Everything looks good, timestamp provided by hour and longer text and time uuid can accept only date, everything seem cool.

cqlsh:jw_schema1> update datatype set places = places + ['cheras'], salary = 985621.35, spending = 12355, works = 89.36 where  id = 62c36092-82a1-3a00-93d1-46196ee77204;
cqlsh:jw_schema1> select places, salary, spending, works from datatype;

 places                                                | salary     | spending | works
-------------------------------------------------------+------------+----------+-------
 ['kuala lumpur', 'petaling jaya', 'kepong', 'cheras'] | 9.8562e+05 |    12355 | 89.36

(1 rows)

cqlsh:jw_schema1>

Okay, we pretty all cover update all the data type. Let's remove this one row.

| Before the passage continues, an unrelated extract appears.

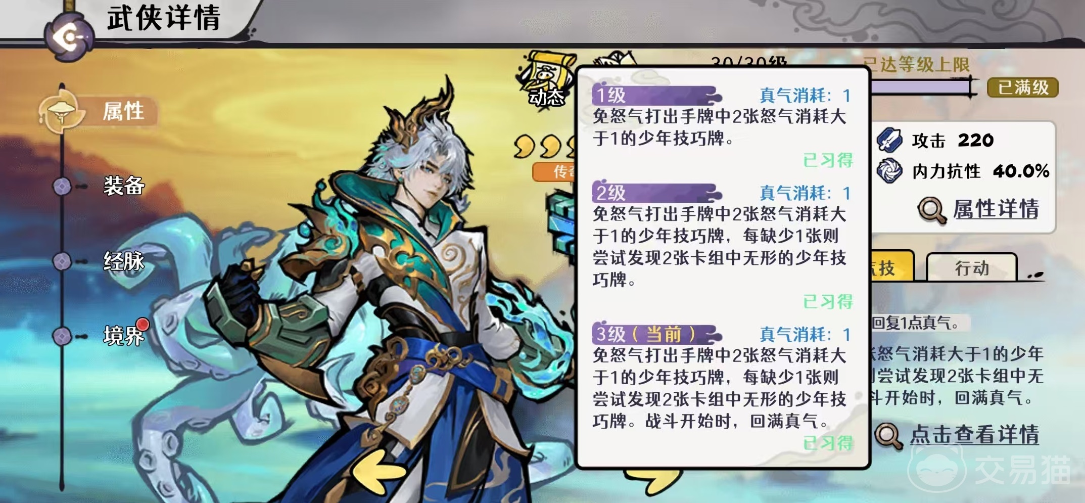 养成路径清晰明确:零命即可开启经脉并使用悬壶功能,具备基础可用性,但因真气技消耗为2,手牌循环略显吃力;二命后真气技消耗降至1,实现每回合稳定释放,成为必练核心;四命进一步强化技巧流运转效率,触发技巧牌额外回怒效果,显著提升爆发节奏与续航强度。若主玩飞刀流或叠甲流体系,建议至少抽取至二命阶段。

cqlsh:jw_schema1> delete amount,binary,car,description,email,ip,issingle,kidsage,lamp,lastupdate,longdescription,mytimeuuid from datatype where id = 62c36092-82a1-3a00-93d1-46196ee77204;
cqlsh:jw_schema1> select * from datatype;

 id                                   | amount | binary | car  | description | email | ip   | issingle | kidsage | lamp | lastupdate | longdescription | mytimeuuid | name       | places                                                | salary     | spending | works
--------------------------------------+--------+--------+------+-------------+-------+------+----------+---------+------+------------+-----------------+------------+------------+-------------------------------------------------------+------------+----------+-------
 62c36092-82a1-3a00-93d1-46196ee77204 |   null |   null | null |        null |  null | null |     null |    null | null |       null |            null |       null | john smith | ['kuala lumpur', 'petaling jaya', 'kepong', 'cheras'] | 9.8562e+05 |    12355 | 89.36

(1 rows)

Pretty interesting, we can delete columns within a row. The data is set to null.

cqlsh:jw_schema1> delete from datatype where id = 62c36092-82a1-3a00-93d1-46196ee77204;
cqlsh:jw_schema1> select * from datatype;

(0 rows)

Now we have deleted everything.

• looks like it is case insensitive, that, is when we created the table name, dataType it is stored as datatype.


• the composite datatype is definitely nice to have as we don't have to link a few tables.


• we can also delete a few columns or we can delete the entire row.